26 kwietnia minie 29 lat od katastrofy w elektrowni w Czarnobylu, położonego na terenie ówczesnego Związku Radzieckiego, teraz na Ukrainie, w obwodzie kijowskim. Wybuch spowodował skażenie w promieniu dziesiątek tysięcy kilometrów kwadratowych, chmury radioaktywne dotarły także nad Europę Środkową i Skandynawię. Po katastrofie na reaktorze czwartym wybudowano konstrukcję, która miała chronić środowisko przed skażeniem przez 30 lat.

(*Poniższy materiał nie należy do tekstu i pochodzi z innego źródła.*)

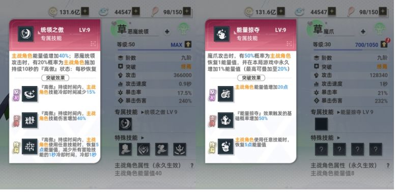 以上是1095雷属性,配队零+拉比+希尔(新增:希尔换雅更优),宠物菲尼克斯(西王之赐终极技能+5,没带贝丝贝拉光与暗之书没用)+恶魔统领(本体无数书)+魔爪(终焉无书)。装备词条能量12+水属性24+生命值。套装4星空够用。唯一需求是本次活动武器古皇兵装,用来暴击转能量提能量上限。卡片带的能量值+40%,此词条优于卡片本身。

Ten termin mija w listopadzie 2017 roku, a stary sarkofag zaczął już pękać.

>>> Czytaj też: Rosja uratuje energetykę Nigerii. Rosatom inwestuje w elektrownie jądrowe

29 kwietnia w Londynie odbędzie się konferencja, której uczestnicy zaapelują o pomoc w finansowaniu budowy nowego sarkofagu. Początkowo szacowano, że będzie ona kosztować około 800 milionów dolarów, jednak suma ta zwiększyła się do ponad 2 miliardów dolarów. Pomoc zaoferowało ponad 40 państw i Komisja Europejska. Sarkofag ze stali ochronnej ma ważyć 31 tysięcy ton i mieć wysokość stu metrów. Zgodnie z założeniem, będzie chronił reaktor przez najbliższych 100 lat.